A local health check knows only about the service it belongs to. It knows whether this specific pod can serve requests. It knows nothing about whether the downstream services this pod depends on are working.

Consider a checkout service. The checkout pod is healthy. Its local health check passes. But the payment service it calls is down. Users can add items to cart but cannot checkout.
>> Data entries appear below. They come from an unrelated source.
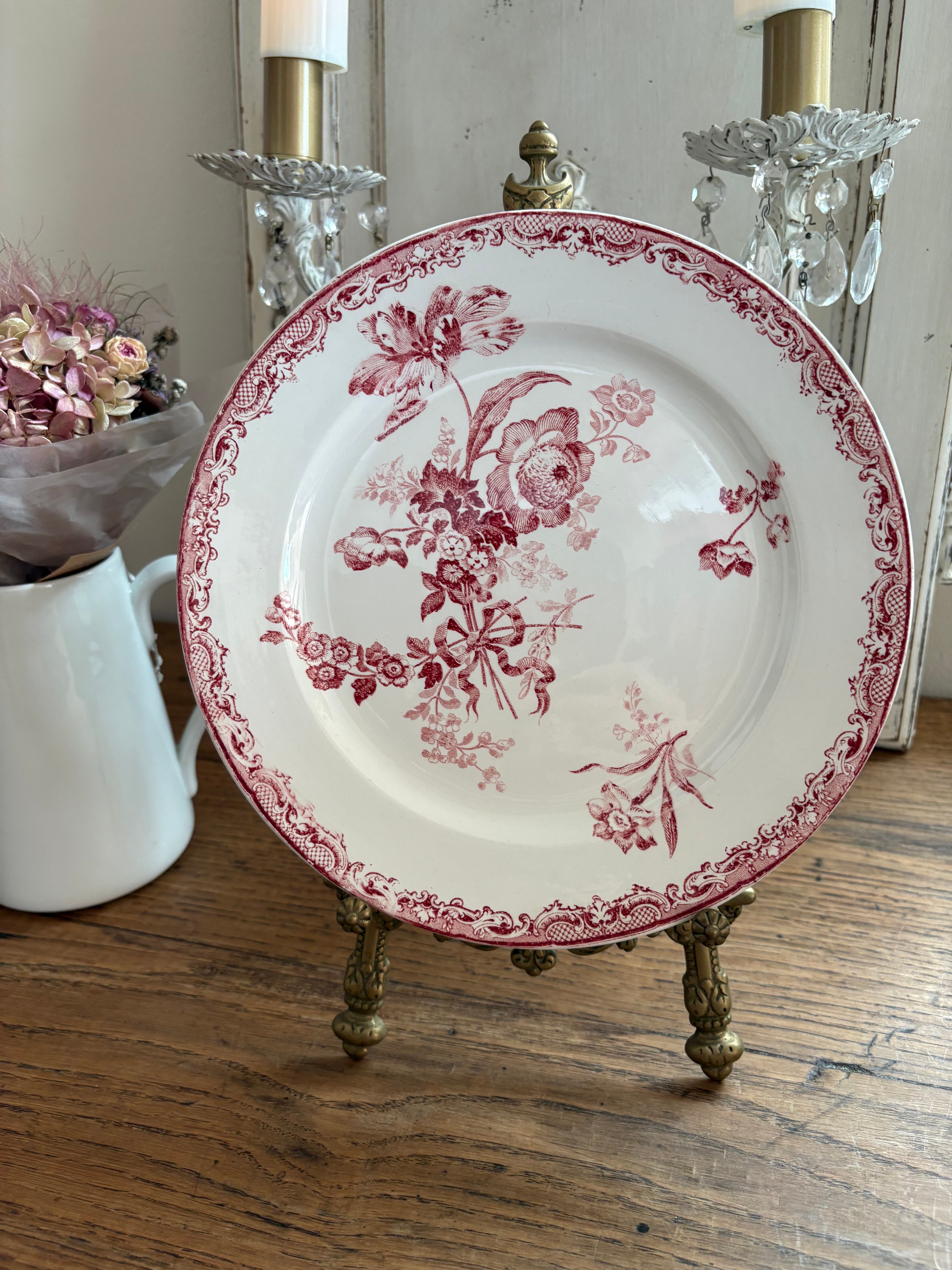 Sarrguemines Fontanges フラットプレート フランスアンティーク アンティークプレート フォンタンジュ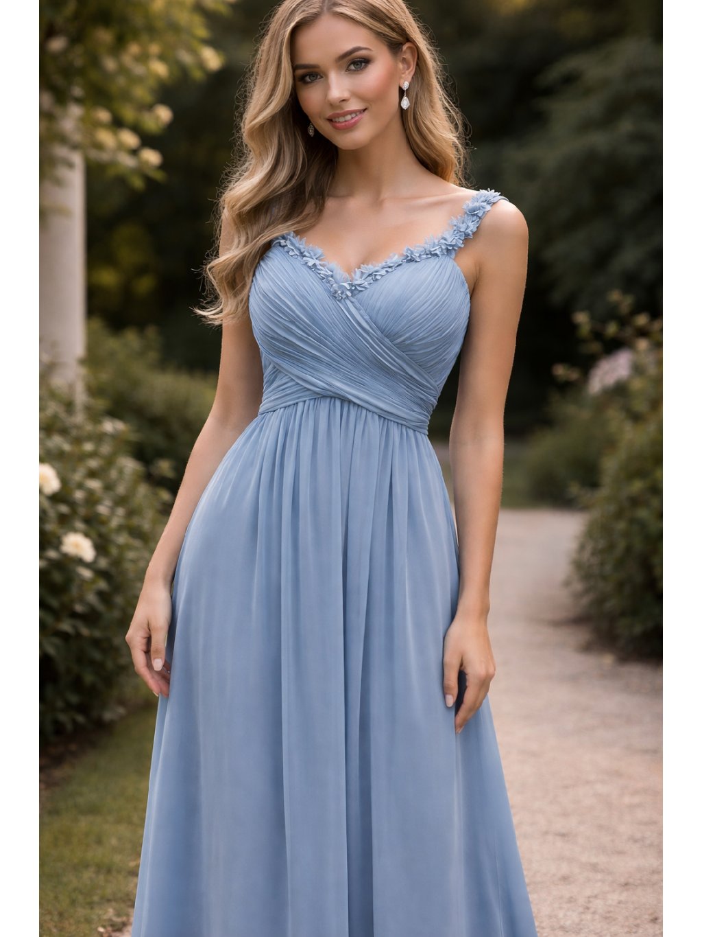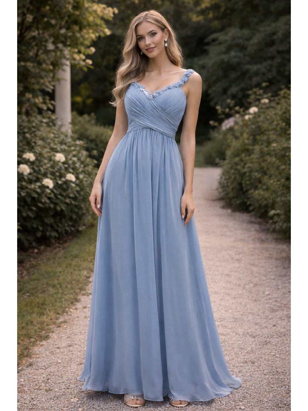 Elegantní dlouhé šaty v jemném modrém tónu zaujmou na první pohled svou lehkostí a nadčasovou siluetou. Živůtek je propracovaný do jemného řasení, které se kříží přes dekolt a krásně tvaruje postavu. V-výstřih působí velmi žensky, aniž by byl příliš výrazný.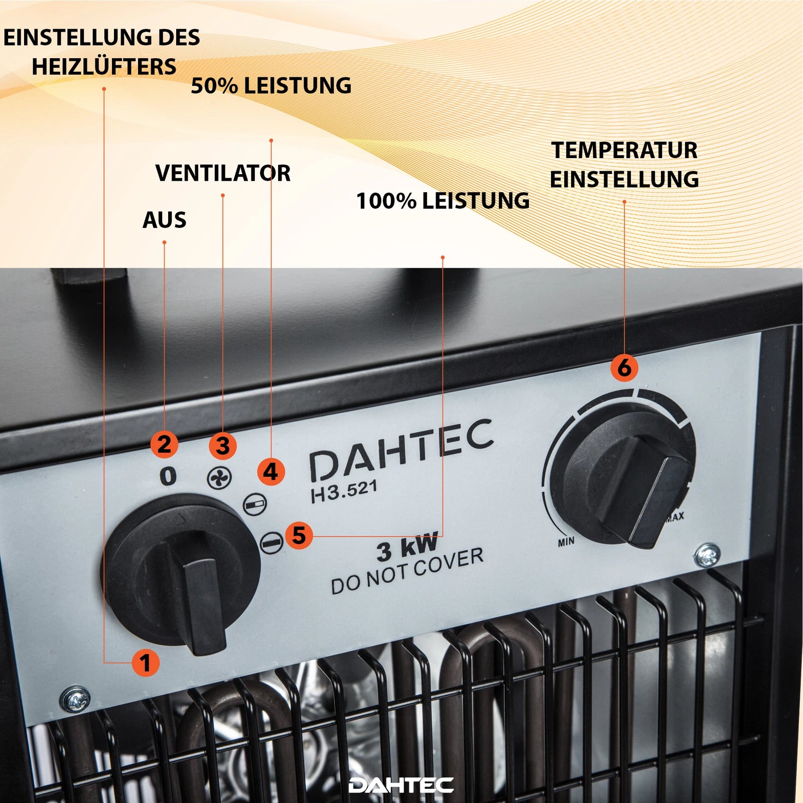 Der Heizlüfter verfügt über drei Leistungsstufen: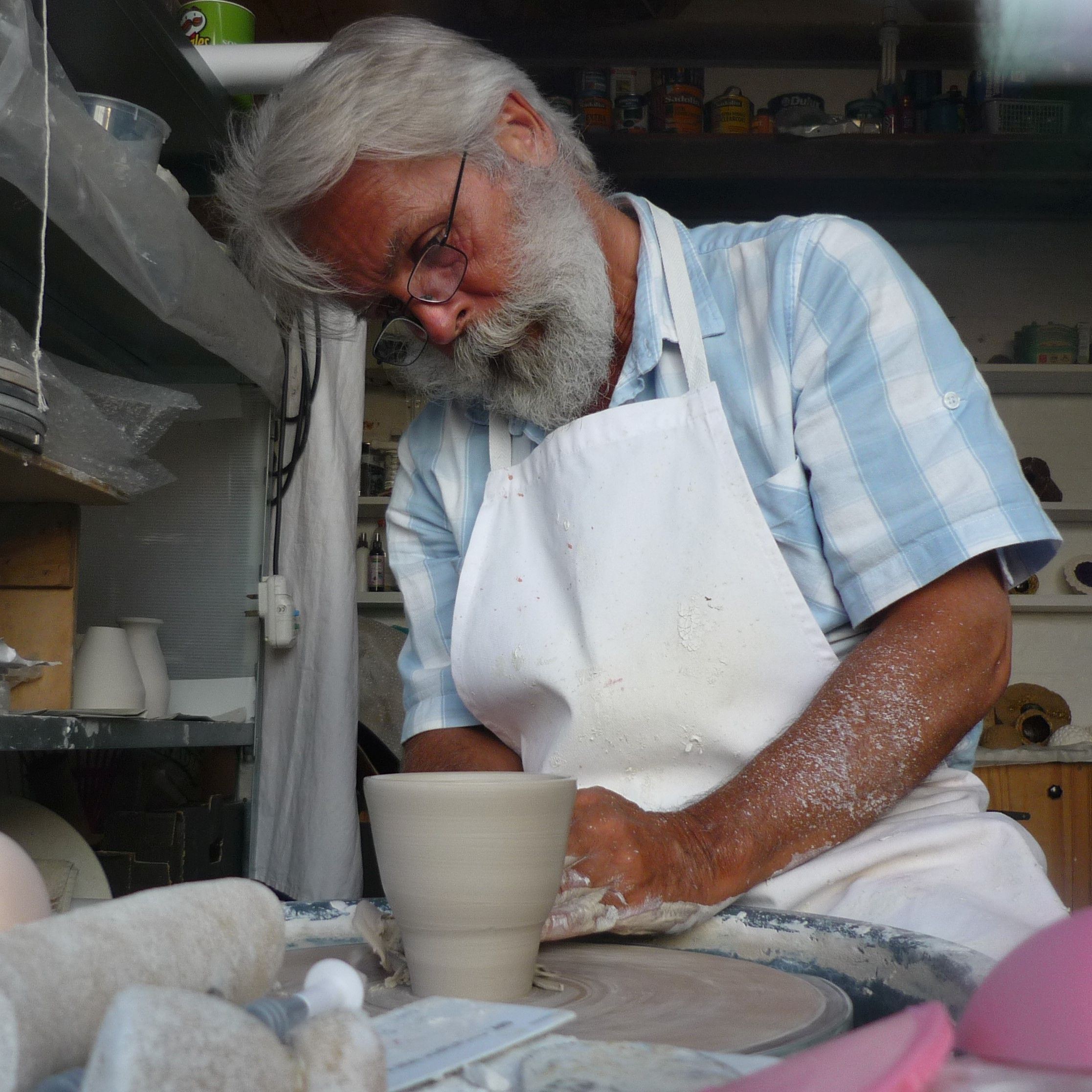 I make hand thrown individual porcelain stoneware ceramic pots made in the shared garden studio with Dot

The local health check gives you a false positive.

Distributed health checks solve this by tracking health across service boundaries.

Distributed Health Tracking

Dependency Health Propagation

Each service reports not just its own health but the health of its dependencies:

class HealthStatus:
    def __init__(self, service_name: str):
        self.service_name = service_name
        self.own_health = "healthy"
        self.dependency_health = {}

    def update_dependency(self, dependency: str, status: str):
        self.dependency_health[dependency] = status

    def is_healthy(self) -> bool:
        if self.own_health != "healthy":
            return False
        return all(d == "healthy" for d in self.dependency_health.values())

    def to_dict(self) -> dict:
        return {
            "service": self.service_name,
            "healthy": self.is_healthy(),
            "own_health": self.own_health,
            "dependencies": self.dependency_health
        }

Services update their health status based on downstream service responses. When the payment service starts returning errors, the checkout service marks payment as unhealthy.

Health Status Storage

Centralize health status in a distributed store:

class HealthRegistry:
    def __init__(self, kv_store: KVStore):
        self.store = kv_store

    def register(self, service_id: str, status: HealthStatus):
        key = f"health:{service_id}"
        self.store.set(key, status.to_dict(), ttl=30)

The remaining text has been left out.